Requirement -
Your job is to print, exactly, the lines in the data below from the line with "На каждую половину" through the line with "A majestic entrance", both included, and to omit any picture.

Source data -

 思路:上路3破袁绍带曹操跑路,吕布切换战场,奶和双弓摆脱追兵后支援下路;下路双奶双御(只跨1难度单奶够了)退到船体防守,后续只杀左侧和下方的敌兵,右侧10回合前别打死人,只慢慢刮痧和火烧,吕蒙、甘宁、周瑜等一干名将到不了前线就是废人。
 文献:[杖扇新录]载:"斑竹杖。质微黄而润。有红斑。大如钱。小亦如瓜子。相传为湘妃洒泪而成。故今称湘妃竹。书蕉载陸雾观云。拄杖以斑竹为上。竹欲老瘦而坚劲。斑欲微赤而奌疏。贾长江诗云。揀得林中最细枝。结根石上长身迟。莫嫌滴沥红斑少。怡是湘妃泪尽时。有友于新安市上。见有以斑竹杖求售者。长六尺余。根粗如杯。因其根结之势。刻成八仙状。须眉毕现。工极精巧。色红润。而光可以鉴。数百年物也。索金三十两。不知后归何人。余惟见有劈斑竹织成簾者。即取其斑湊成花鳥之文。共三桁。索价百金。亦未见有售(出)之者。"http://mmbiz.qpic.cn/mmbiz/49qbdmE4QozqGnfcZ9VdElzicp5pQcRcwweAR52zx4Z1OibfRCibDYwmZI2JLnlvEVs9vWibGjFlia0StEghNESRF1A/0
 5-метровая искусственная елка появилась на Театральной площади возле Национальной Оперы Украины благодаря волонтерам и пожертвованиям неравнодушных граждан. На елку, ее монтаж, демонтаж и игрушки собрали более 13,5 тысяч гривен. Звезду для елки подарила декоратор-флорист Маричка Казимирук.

==

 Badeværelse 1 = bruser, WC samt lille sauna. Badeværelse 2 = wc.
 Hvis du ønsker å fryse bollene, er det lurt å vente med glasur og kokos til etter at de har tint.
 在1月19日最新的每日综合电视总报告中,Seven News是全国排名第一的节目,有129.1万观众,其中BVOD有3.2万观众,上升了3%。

...

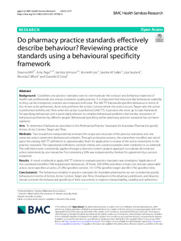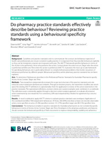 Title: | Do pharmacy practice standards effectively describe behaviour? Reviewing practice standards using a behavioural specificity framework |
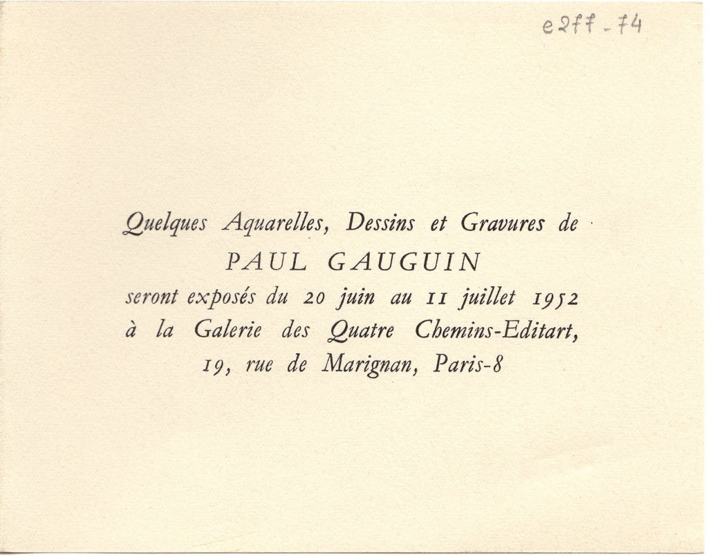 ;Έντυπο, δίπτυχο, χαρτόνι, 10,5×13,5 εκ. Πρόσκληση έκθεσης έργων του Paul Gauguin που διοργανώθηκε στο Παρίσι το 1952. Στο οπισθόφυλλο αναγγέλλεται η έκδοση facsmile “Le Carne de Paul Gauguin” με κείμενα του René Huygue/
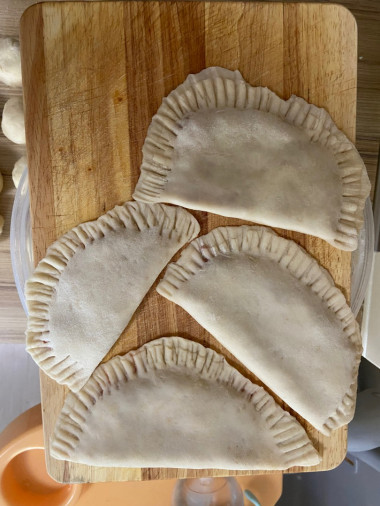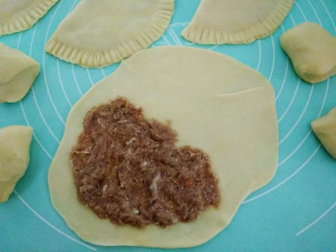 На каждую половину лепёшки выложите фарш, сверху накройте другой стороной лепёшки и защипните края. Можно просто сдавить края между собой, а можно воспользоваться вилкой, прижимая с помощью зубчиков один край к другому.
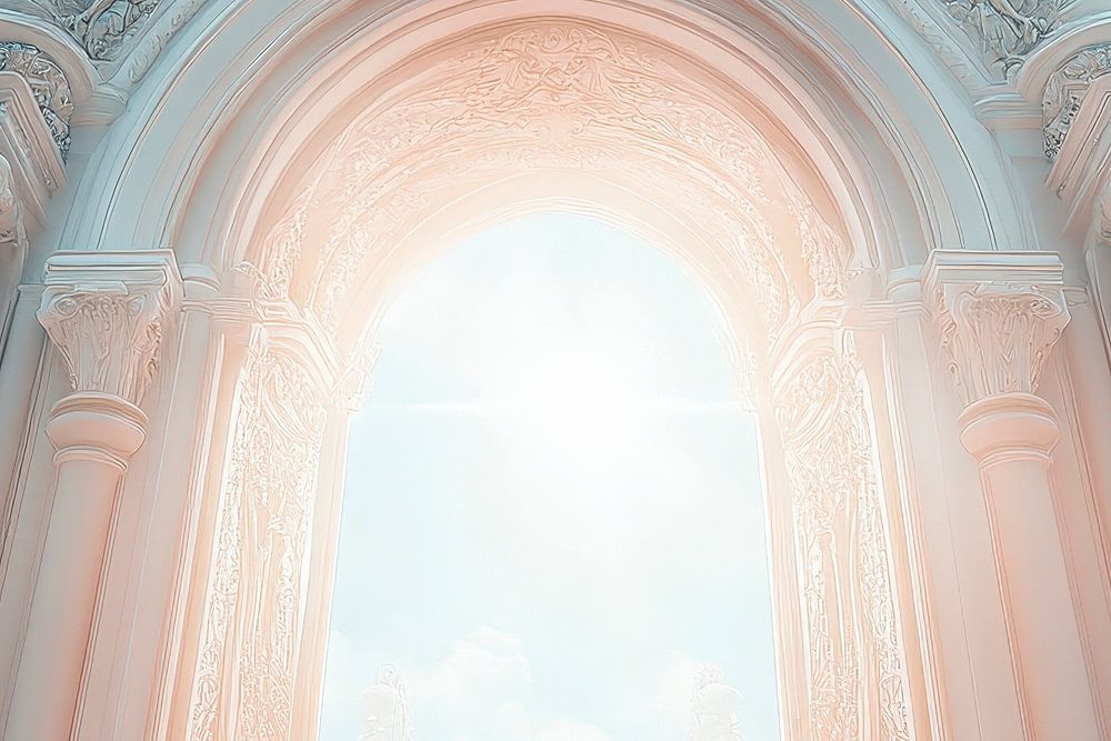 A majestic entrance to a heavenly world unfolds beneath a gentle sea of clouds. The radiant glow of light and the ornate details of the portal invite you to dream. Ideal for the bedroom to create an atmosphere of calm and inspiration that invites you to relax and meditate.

Response box -
 На каждую половину лепёшки выложите фарш, сверху накройте другой стороной лепёшки и защипните края. Можно просто сдавить края между собой, а можно воспользоваться вилкой, прижимая с помощью зубчиков один край к другому.
 A majestic entrance to a heavenly world unfolds beneath a gentle sea of clouds. The radiant glow of light and the ornate details of the portal invite you to dream. Ideal for the bedroom to create an atmosphere of calm and inspiration that invites you to relax and meditate.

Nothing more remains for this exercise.